The present invention relates generally to fiber optic connectors, and more particularly, to a fiber optic connector including a multifiber ferrule and means for applying an axial biasing force to the ferrule.
The proliferation of optical communications and data transfer has dramatically increased the use of fiber optic connectors including multifiber ferrules for simultaneously interconnecting a plurality of optical fibers. Not only are multifiber connectors being utilized in greater numbers, but increased performance demands are being placed upon the optical connections between mated connectors. As a result, there is an increased demand in optical communications for what has become generally known as “low-loss, intermateable, multifiber connectors.” For example, in order to maximize signal transmission between pairs of opposed optical fibers, multifiber connectors are required to align each of the optical fibers very precisely, especially for single mode applications. In this regard, multifiber connectors are typically required to align each optical fiber to within about 7 to 14 microns for multimode applications and to within about 0 to 3 microns for single mode applications.
In order to provide the desired alignment, conventional multifiber ferrules define a pair of elongate alignment holes that receive and cooperate with respective alignment members, such as guide pins, to accurately align opposing ferrules, and in turn, the optical fibers mounted within the multifiber ferrules. For example, one conventional type of multifiber ferrule is the MT (Mechanically Transferable) ferrule, such as described by U.S. Pat. No. 5,214,830 to Sinji Nagasawa, et al., and assigned to Nippon Telephone and Telegraph Corporation of Tokyo, Japan. The MT ferrule has a generally rectangular shape in lateral cross-section and defines a pair of guide pin holes and a plurality of optical fiber bores opening through the end face of the ferrule. The guide pin holes receive respective guide pins to align the optical fibers of a pair of opposing MT ferrules.
The pair of MT ferrules that are to be interconnected are typically configured such that one of the multifiber connectors has a male configuration and the other multifiber connector has a female configuration. The male configuration of the multifiber connector includes a pair of guide pins that have been inserted within the guide pin holes defined by the MT ferrule and extend forwardly beyond the end face. In contrast, the female configuration of the multifiber connector includes an MT ferrule that defines a pair of guide pin holes for receiving the portions of the guide pins that extend beyond the end face of the male MT ferrule. During mating, insertion of the guide pins into the guide pin holes defined by the female MT ferrule aligns the male and female connectors, and in turn, aligns the optical fibers mounted within the MT ferrules. In order to snugly receive the guide pins, the guide pin holes defined by a conventional MT ferrule are cylindrical in lateral cross-section so as to have the same size and shape along their entire length. By utilizing cylindrical guide pin holes, the sidewalls of the guide pin holes contact the guide pins along their entire length, thereby maximizing the alignment provided by the guide pins.

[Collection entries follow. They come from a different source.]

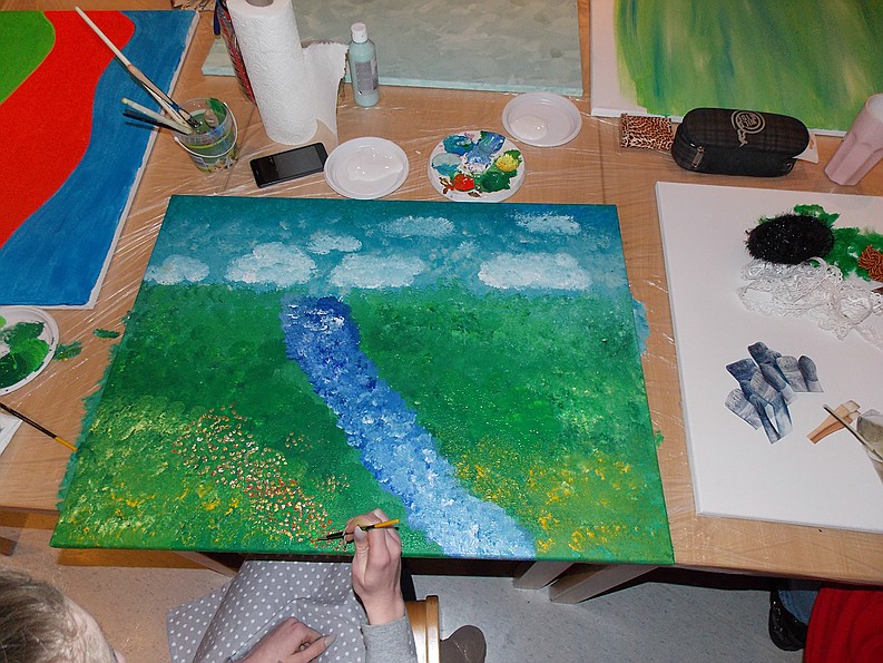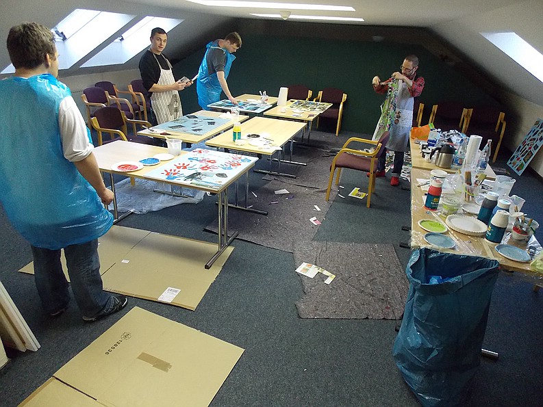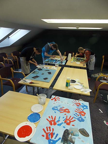 Dieses Gemeinschafts- Kunstprojekt hat wohnungslosen und wohnenden Menschen eine Möglichkeit gegeben sich über gemeinsames künstlerisches Tun zu zeigen und zu verbinden.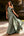 Olive V Neck Velvet Ruched Long Formal Dress with Slit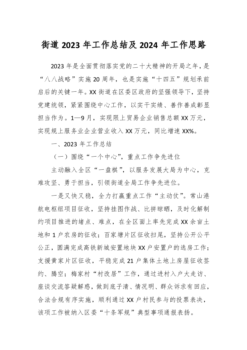 / 街道2023年工作总结及 2024年工作思路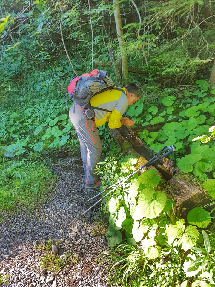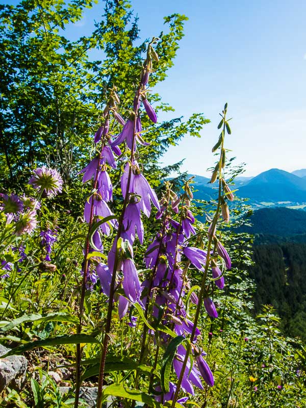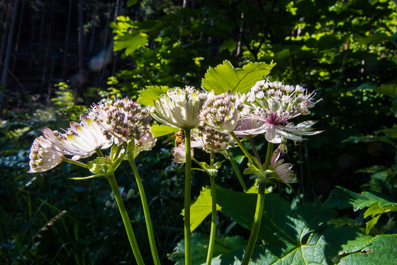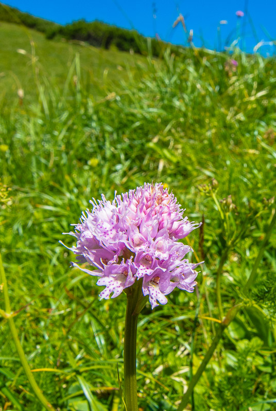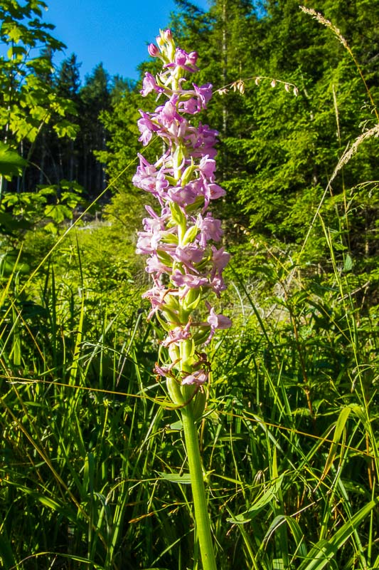 First we walk up through steep forest. On clearings, we find some fragrant orchids (Gymnadenia conopsea).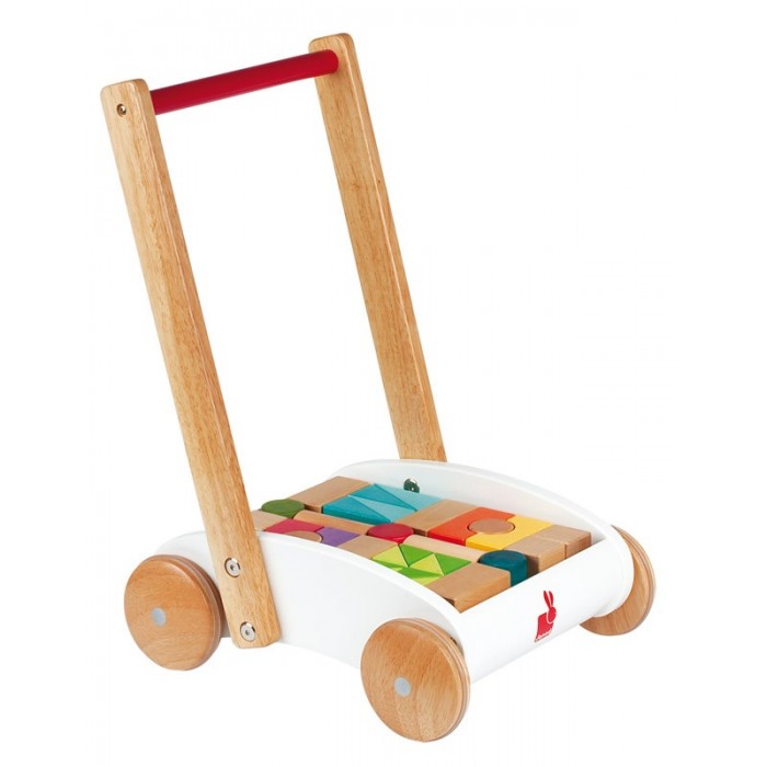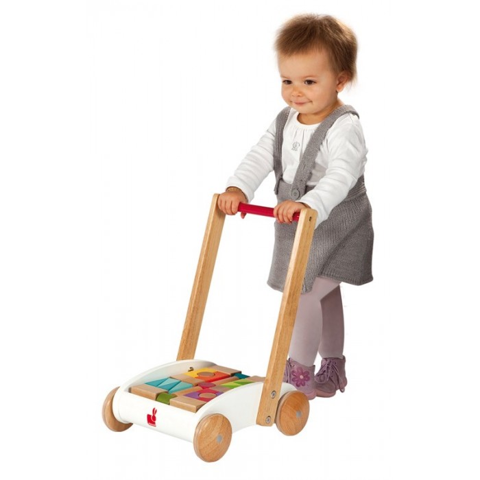 Развивающая игровая тележка-каталка для детей от 1 года. Ребенок может играть с геометрическими блоками, а также возить тележку самостоятельно, держась за ручку. Высота тележки - 46,5 см. В тележкке лежат различные геометрические фигуры натурального цвета дерева и цветные - 35 геометрических элементов. Из геометрических блоков можно строить и собирать, конструировать, а также изучать цвет и форму. Окрашено красками на водной основе! .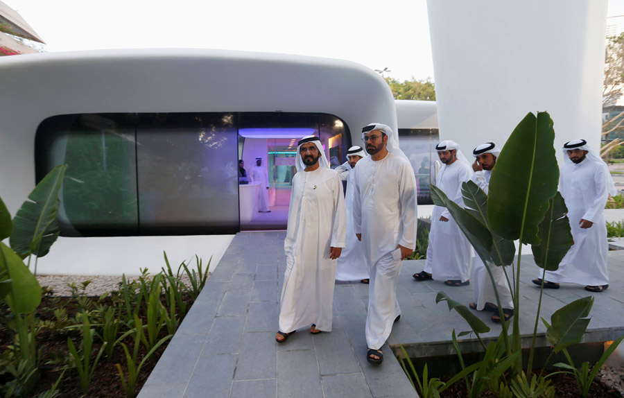 El Jeque Mohammed bin Rashid Al Maktoum (izquierda), vicepresidente y primer ministro de Emiratos árabes Unidos y gobernador de Dubai, llega a la inauguración de la primera oficina funcional construida con impresión 3D del mundo en Dubai, el 23 de mayo de 2016.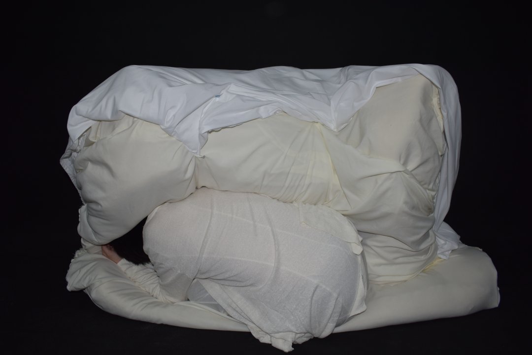 《被子之神》這件作品源自于我對被子的異常迷戀。當(dāng)我對一件物的情感達(dá)到了異于常態(tài)的狀態(tài),物變成了主宰者——神,而我則變?yōu)榱宋锏母綄倨贰_@件作品,闡述我將作品神化的一個(gè)過程。
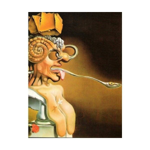 A neo-classical portrait filled with alienating Dali-symbolism. Salvador Dali is the greatest amongst the surrealists sublimating his life in his art of painting and striving to capture his subconscious in images.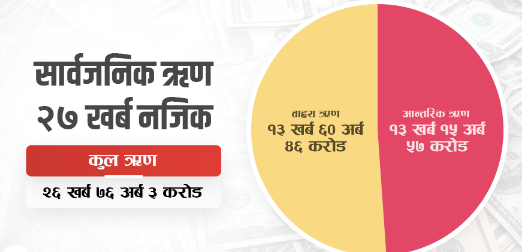 जनकपुरधाम : मुलुकको सार्वजनिक ऋण बढेर २७ खर्ब रुपैयाँ नजिक पुगेको छ । सार्वजनिक ऋण व्यवस्थापन कार्यालयका अनुसार..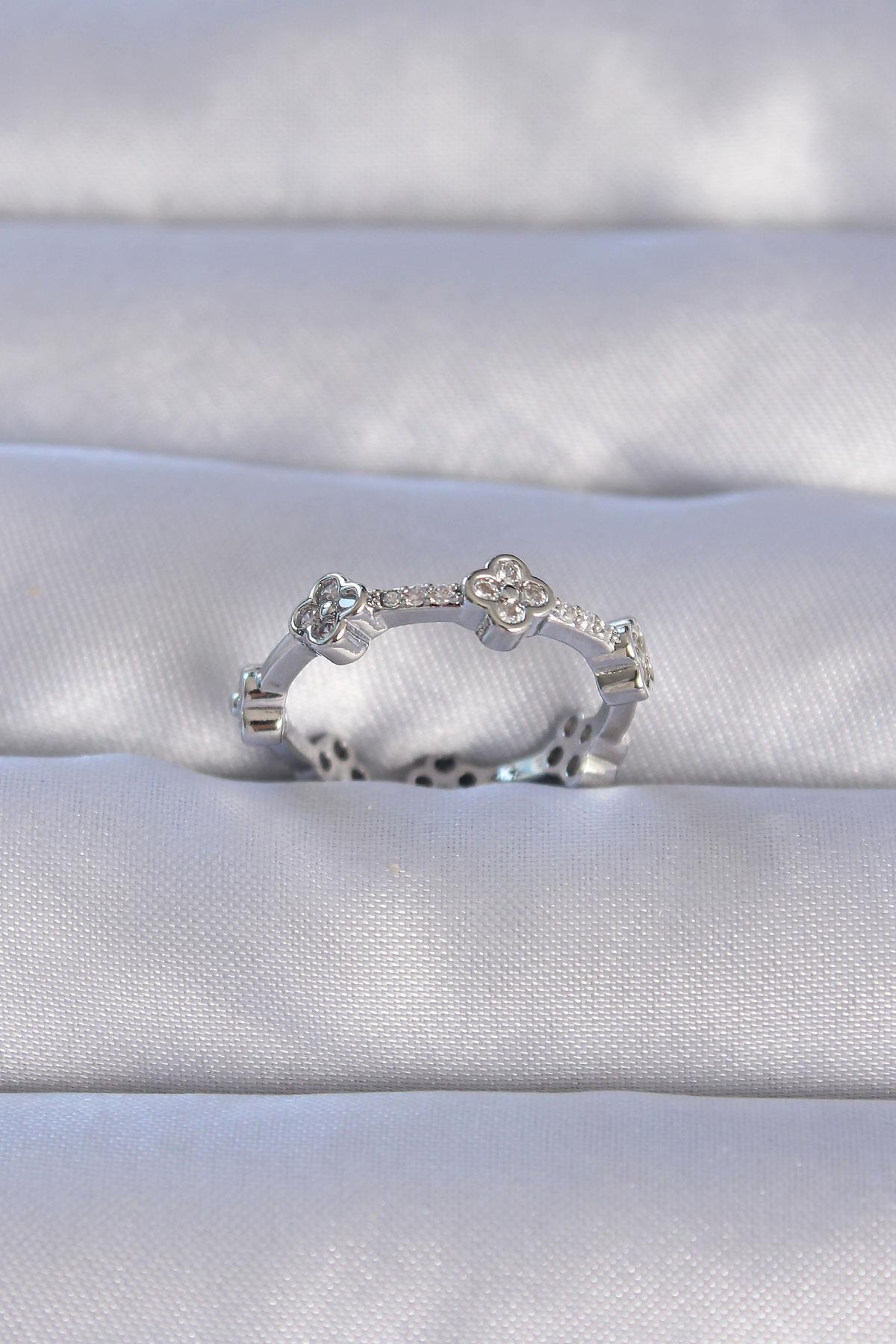 Pirinç Gümüş Renk Zirkon Taşlı Yonca Model Ayarlanabilir Yüzük

The MT ferrules of the male and female fiber optic connectors are biased towards one another so as to interconnect the optical fibers with a minimum amount of attenuation. It has long been believed that “dry physical contact” (i.e., physical contact between opposing optical fibers without the use of index-matching gel) across all of the pairs of optical fibers of mated multifiber connectors could be achieved by controlling the geometry of the opposing optical fibers and ferrules. However, significant advances in geometry control, such as optimal fiber height, array uniformity, optical fiber angle, core dip and ferrule end face angle, have not consistently resulted in dry physical contact across all of the optical fibers of opposing multifiber connector pairs. Further analysis of the factors preventing dry physical contact of the optical fibers has shown that the force applied to bias the ferrule in the axial direction of the mating ferrule very often produces a moment about a lateral axis of the ferrule. In other words, the biasing force is not always applied along the longitudinal axis of the ferrule, or at the least, is not balanced about the longitudinal axis of the ferrule.
Typically, the biasing force is generated by a coil spring mounted within a connector housing between the rear face of the ferrule and a spring push. An off-axis biasing force oftentimes results because the coil spring buckles within the connector housing and introduces a component of the spring force that is offset from the longitudinal axis of the ferrule, or is applied at an angle other than normal to the end face of the ferrule. Even if the coil spring does not buckle, the geometry and inherent nature of the coil spring makes it likely that an unbalanced biasing force will be applied to the rear face of the ferrule in a direction other than along the longitudinal axis. As a result, the biasing force will apply an undesired moment to the ferrule in addition to the desired axial force. Thus, despite the presence of substantially perfect geometry features in mating optical fibers and ferrules, a biasing force that is not applied along the longitudinal axis of a multifiber ferrule, or is not balanced about the longitudinal axis of a multifiber ferrule, will not consistently produce dry physical contact between a mated pair of fiber optic connectors.